We’re going to help a fellow crapaud celebrate a particularly significant anniversary, as it happens, not that it’s anyone else’s business. I’m only admitting it by way of explaining that because we’re away I’ve had to put pen to paper (or two fingers to the keyboard, if you want it in modern parlance) somewhat earlier in the week than usual.

At the time of writing, Senator Jimmy Perchard has admitted that he swore at Senator Stuart Syvret during a States sitting, despite the fact that as soon as Senator Syvret made the allegation he refuted it.

It also transpires that Senator Perchard – after being told that this newspaper had a tape recording of his comments – admitted telling Senator Syvret to slit his wrists during a press conference late last year.

Senator Perchard disputes Senator Syvret’s version of what was said during the States sitting and insists that he was misquoted. That, to me, is as irrelevant as the many references that have been made to what Senator Syvret says about other people on his internet blog.

In all probability, Senator Perchard did not tell the entire truth when he told Deputy Bailiff Michael Birt that he refuted Senator Syvret’s allegations because to most people the significant thing is that he did not refute it by saying what he claimed had been said – he simply left most people with the impression that the allegation was a fabrication by stating quite unequivocally: ‘I absolutely refute that.’

Even leaving to one side the similarity between the phrases ‘go and top yourself’ and ‘slit your wrists’, it is also significant that Senator Perchard neither confirmed nor denied that the ‘go top yourself’ phrase was used in the States.

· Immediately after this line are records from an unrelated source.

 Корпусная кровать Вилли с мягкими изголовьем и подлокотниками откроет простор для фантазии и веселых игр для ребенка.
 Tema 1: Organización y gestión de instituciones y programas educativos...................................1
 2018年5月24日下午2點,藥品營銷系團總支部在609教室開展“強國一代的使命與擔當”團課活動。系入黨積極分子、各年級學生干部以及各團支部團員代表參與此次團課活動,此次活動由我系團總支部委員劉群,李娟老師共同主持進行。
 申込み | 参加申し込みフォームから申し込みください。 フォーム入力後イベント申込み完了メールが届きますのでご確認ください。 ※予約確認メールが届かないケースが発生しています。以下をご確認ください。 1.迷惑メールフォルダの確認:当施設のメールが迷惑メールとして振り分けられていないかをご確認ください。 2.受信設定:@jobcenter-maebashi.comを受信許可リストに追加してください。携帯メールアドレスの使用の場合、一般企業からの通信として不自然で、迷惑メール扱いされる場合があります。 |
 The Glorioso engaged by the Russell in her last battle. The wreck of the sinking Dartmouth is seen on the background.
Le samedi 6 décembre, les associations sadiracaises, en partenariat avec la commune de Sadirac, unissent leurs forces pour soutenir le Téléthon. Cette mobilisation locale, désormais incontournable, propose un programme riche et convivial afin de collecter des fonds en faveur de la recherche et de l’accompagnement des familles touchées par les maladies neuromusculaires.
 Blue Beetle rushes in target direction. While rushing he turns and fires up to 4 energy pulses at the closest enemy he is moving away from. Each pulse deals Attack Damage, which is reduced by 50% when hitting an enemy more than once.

It could be argued that Senator Perchard, to quote Kipling, has ‘learned no end of a lesson, it will do him no end of good’ in seeking to mix it with as experienced a wordsmith as Senator Syvret and falling directly into what might well have been a carefully laid trap, albeit largely of his own making.

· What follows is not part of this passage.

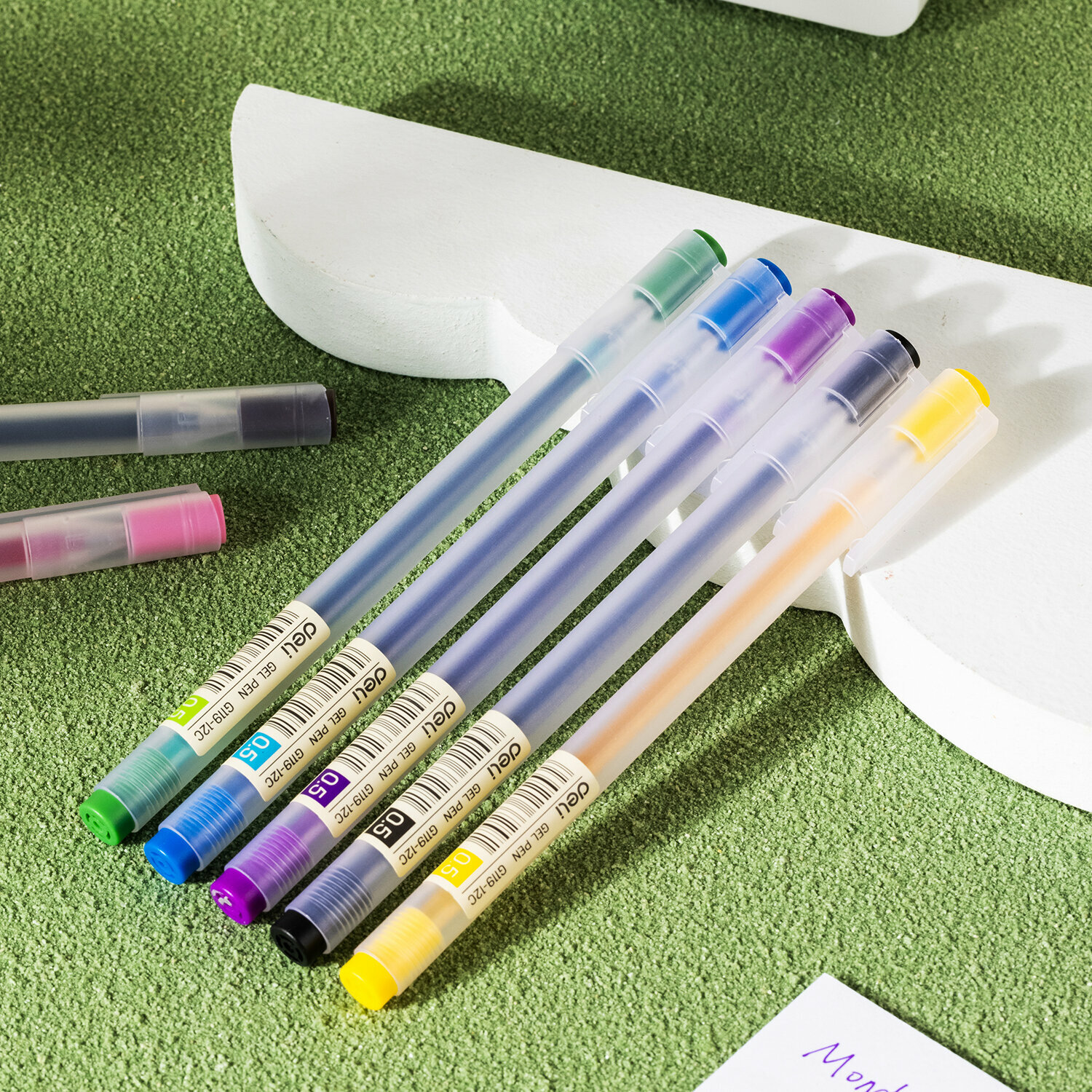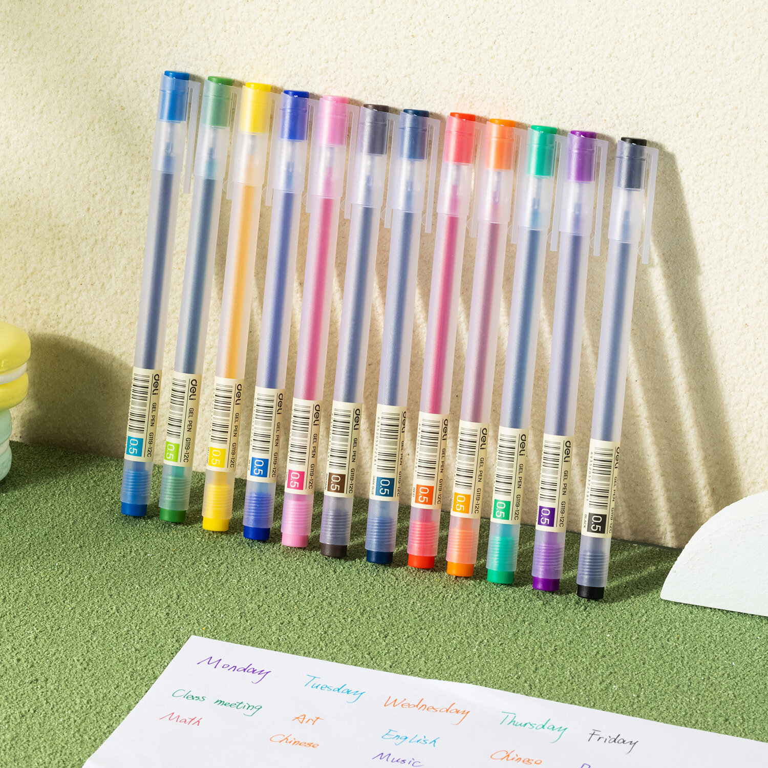 Набор гелевых ручек Deli, выполненных в приятном матовом пластиковом корпусе. Ручки имеют прочный металлический наконечник. В наборе ручки 12 цветов. Толщина линии - 0,5 мм. Ручками легко писать, они скользят по бумаге, обеспечивая мягкое письмо. Чернила быстро высыхают, не размазываются. Набор поставляется в прозрачной пластиковой упаковке, на которой имеется трафарет - ребенок с легкостью нарисует сердечко, цветок, звездочку, месяц и облако.

All that said, the fact that he may well have learned a lesson is neither here nor there, I’m afraid. Even if Senator Perchard did not lie to the Deputy Bailiff and the States by saying that he ‘absolutely’ refuted Senator Syvret’s allegation, he certainly misled them.

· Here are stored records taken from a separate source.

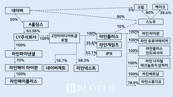 네이버는 소프트뱅크와 A홀딩스 지분 매각을 협의 중이다. 소프트뱅크 지분이 더 커질 경우 LY주식회사와 그 자회사에 관한 네이버의 영향력은 줄어든다. LY주식회사 전체 지배구조도를 보면 일본 업체들이 탐을 낼만 한 사업체들이다.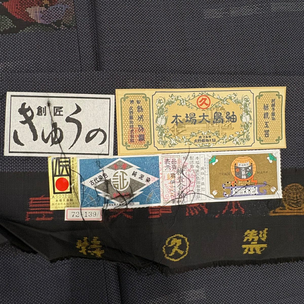 30%OFF 【美品】 大島紬 身丈162.5cm 裄丈65cm M 袷 純泥染 証紙あり 草花 紺色 正絹 秀品 K30
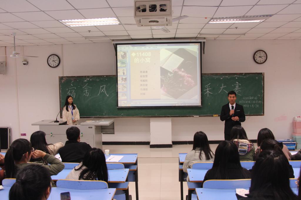11月17日下午,beats365中文官网分别在L211、L311教室开展了以“化环寓你,相知相宿”为主题的宿舍风采大赛。本次大赛由beats365中文官网员工会宿管部主办。辅导员罗世颖老师、史小倩老师、员工会主席郭含、团总支副书记陈如辉、员工党支部副书记汪梦珠、社团联合会主席胡梦雨以及部分员工干部担任评委,2018级全体新生积极参加。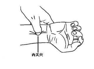操作方法:用左手的拇指尖按压右内关穴上,左手食指压在同侧外关上,按捏10~15分钟,每日2~3次;再用右手按压左侧的穴位,反复操作。用指尖有节奏地进行按压,以产生酸、麻、胀的感觉为最好。按揉时会如果感到一种莫名的刺激感沿着前臂内侧传至心脏,此为较好的刺激效果。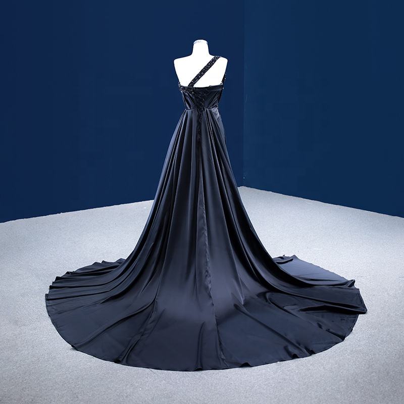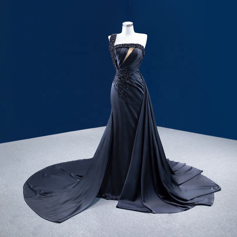 2023ผู้หญิงนางเงือกสีดำซาตินลูกปัดจีบขายส่งชุดราตรีกับ Overskirt

It was, as Winston Churchill may well have described it, a terminological inexactitude on a scale rarely seen, even in the shambles that our government appears to have become. As a consequence, it seems to me (not to mention the vast majority of people to whom I speak) that he has no alternative but to resign – not only his position as Health Minister, from which he should have been removed or at least suspended by Terry Le Sueur a week ago, but also his seat on the Senatorial benches.

Failure to do so simply means that in addition to his reputation being in tatters, in effect he becomes a minus quantity because few if any in the States will attach credibility to what he says and, as a direct result of that, the people who elected him will be disenfranchised. In my mind he has no alternative but to jump before he is pushed.

WHILE I’m on the subject of activities in the Big House and the conduct of our elected representatives, and having had a few days to mull over what I wrote last week – I mulled over a couple or three slugs of Calvados while doing so – I have to say that I was perhaps a little harsh on Deputy Trevor Pitman regarding his altercation with or about Housing president Senator Terry Le Main.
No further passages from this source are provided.